The processing pipeline 500 may also include combining the lattice SDF and the secondary SDF to form a lattice infill for the CAD body 506 that includes transition structures generated via the secondary SDF. Such a combination of SDFs may be performed by applying the secondary SDF to the portions of the lattice SDF that define the transition zone, and such an application may generate transition structures as described herein. The combined SDF may thus represent (via distance functions) a lattice design with transition structures modified for selected portions of an internal lattice design.
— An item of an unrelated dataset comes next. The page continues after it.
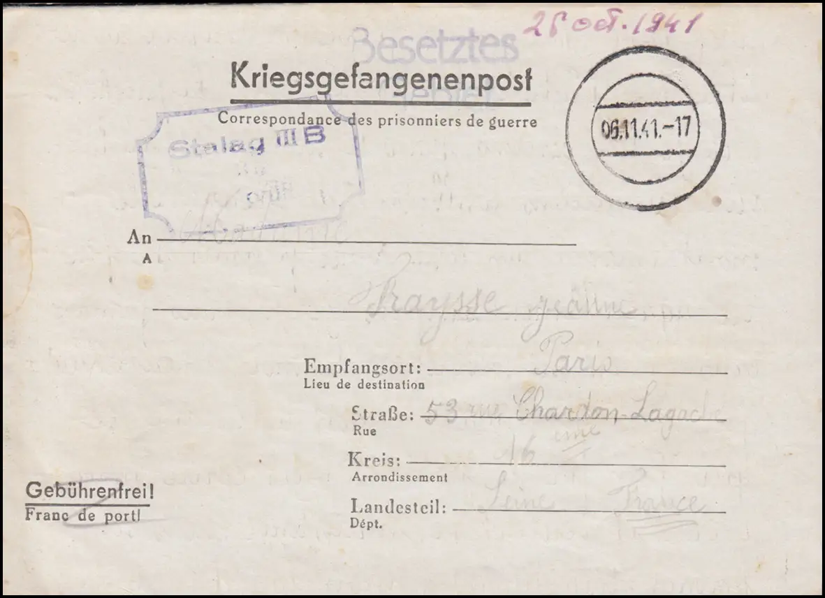Poste de prisonniers de guerre Stalag III B, timbre camouflage 6.11.1941 vers Paris / France

In the example visualization sequence, the processing pipeline 500 may also include loading facets of the CAD body 506 to define the external boundary at which the generated infill lattice ends, trimming the combined SDF at the boundaries defined by the loaded facets of the CAD body 506, and then performing ray casting to visualize the CAD body 506 that includes the generated lattice infill (including generated transition structures). In such a manner, the processing pipeline 500 may support visualization of a CAD body 506 that includes transition structures transformed from an internal lattice structure defined by the lattice definition 502, and such transition structure generations performed through application of a secondary SDF accessed or created based on the transition parameters 504

For generation of a faceted model for the CAD body 506, the processing pipeline 500 may perform a different flow (at least in part). The processing pipeline 500 may include various steps to generate a procedural-based faceted representation and a voxel-based faceted representation to combine into a hybrid faceted model. As an illustrative sequence for generation of a hybrid faceted model for a CAD body 506 with a lattice infill generated based on the lattice definition 502 and transition parameters 504, the processing pipeline 500 may include determining an expanded transition zone for the CAD body 506, doing so based on the external surfaces defined by the CAD body 506, transition distance(s) specified in the transition parameters 504, and unit cell definitions specified in the lattice definition 502. Determination of the expanded transition zone may be consistent with any of the ways described herein, e.g., in a consistent manner as described for determination of the expanded transition zone 410 described with reference to FIG. 4. The processing pipeline 500 may also include creating a lattice graph for portions of an internal lattice structure outside of the transition zone and converting such portions into facets as procedural-based faceted representations.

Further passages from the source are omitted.